This sounds like something one of my conservative mid-60s uncles would send around, along with a few Fox News articles.
The first moonwalk took place forty five years ago and www.washingtonspectacle.com thinks it's a perfect time to reflect on where America was four decades ago, and where it is now.
When the moon landing took place all those years ago, America was in the midst of the biggest upheaval since the Civil War–an unpopular war in Vietnam was raging, the struggle for civil rights was marred by assassinations of major black and white leaders, and the nation was on the verge of its own civil destruction.
In the midst of all that, Neil Armstrong focused the attention of the nation and the world on what seemed to be the most important moment in the life of our country. And for that moment, we forgot about the strife that was threatening to undermine and destroy everything we had fought for all those years.
Today, we find ourselves similarly separated by internal and political strife. Our divided nation yearns for that one moment when we can all set aside our differences and look to a common future. Where is that moment?

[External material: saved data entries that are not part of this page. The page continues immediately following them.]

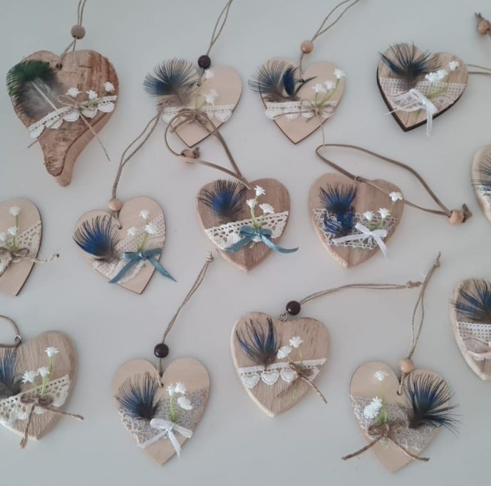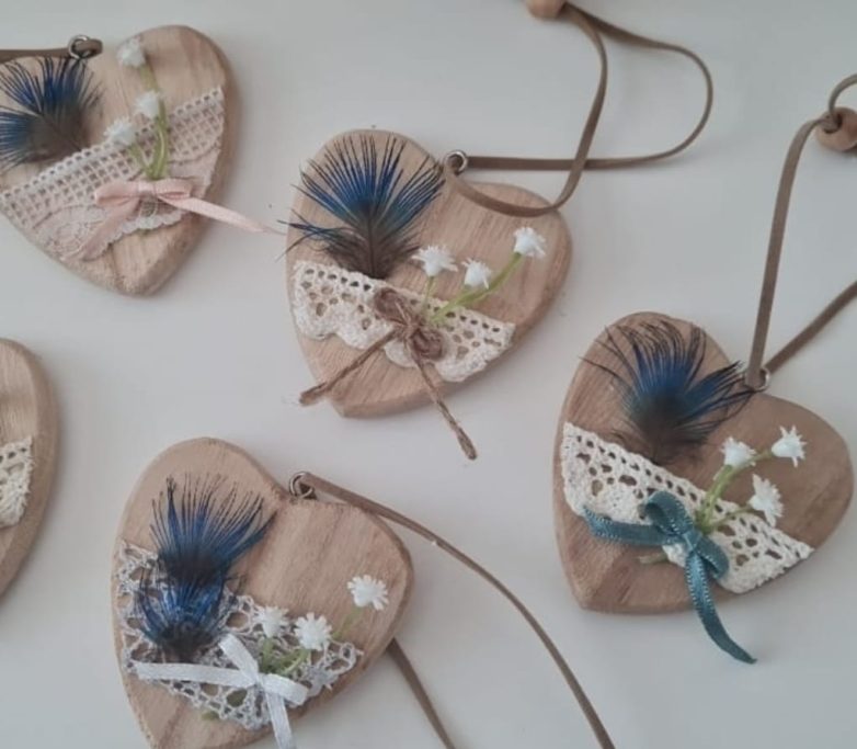 Aus schönen Federn kann man z. B. solche Anhänger gestalten. In meinem Fall waren es Pfauenfedern, die ich auf Holzherzen befestigt und mit Spitzenbändchen und Kunstblumen verziert habe.
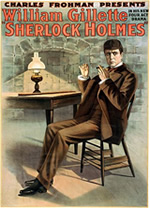 Sherlock Holmes transitioned from the pages of Doyle's books to virtually every artistic genre except perhaps interpretive dance (tho I have found reference to a ballet, so perhaps this is untrue)! The first major actor to appear as Holmes was William Gillette who appeared on stage in over 1,200 performances from the turn of the 20th Century to the 1930s.
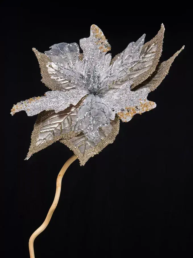 Шикарная пуансеттия имеет все шансы стать главной героиней зимних праздников, ведь во всей красе она предстает как раз к Новому году. И если вы хотите создать особенно праздничную обстановку в доме, то стоит приобрести декоративный цветок «Пуансеттия». Поистине королевские оттенки платины с серебром, изящные формы и удобное крепление на клипсе – главные достоинства этого чудесного элемента декора.
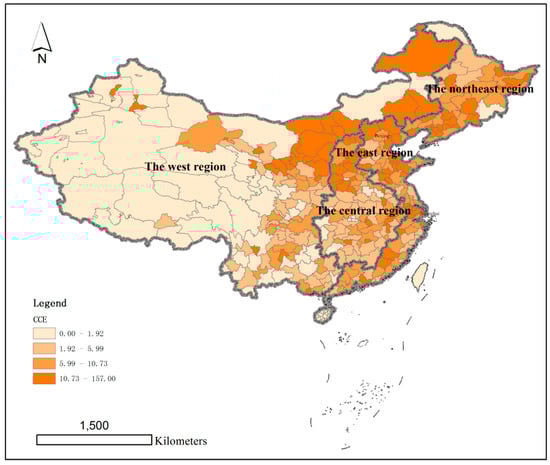 Our research objects were 286 cities in four regions of eastern, western, central, and northeastern China. There are significant spatial differences in regional features, such as the population density, economic activity, and weather conditions among the four regions. The spatial difference of regional economic development level presents a significant step-by-step distribution characteristic. The economic development level decreased from coastal areas to inland areas, with the highest in the eastern region, the second in the central region, and the lowest in the west and northeast regions. The geographical distribution of China’s urban population is uneven, with a densely populated eastern area and sparsely populated western area. This spatial distribution pattern is separated by the ‘Hu Huanyong Line’, an imaginary line that divides China into two parts with roughly equal populations, from Heihe (a northern Chinese city bordering Russia) to Tengchong (a southwestern city bordering China with Myanmar) [53,54]. During the study period, the overall migration of China’s population mainly flowed from the northeast and west regions to the central and eastern regions. In terms of the weather conditions, the southeastern areas at low latitudes have higher temperatures and more precipitation throughout the year, while the northwestern areas are hot and rainy in summer, and cold and dry in winter. The spatial differences of these factors may be somewhat related to the spatial heterogeneity of carbon emissions in China.

Increasingly, we look away from Washington D.C. for solutions to our problems. Politicians have disappointed us one time too often and we are unable any longer take their promises of a rosy future with any seriousness.
Years ago when Richard Nixon was running for president, a desperate citizen held up a placard, begging the presidential candidate to help the nation in its hour of challenge. "Bring us together," the placard implored. We know what followed. If the political parties of this country intend to regain any of their viability, they'd best remember that placard and what it meant–and could mean–for the good of this country.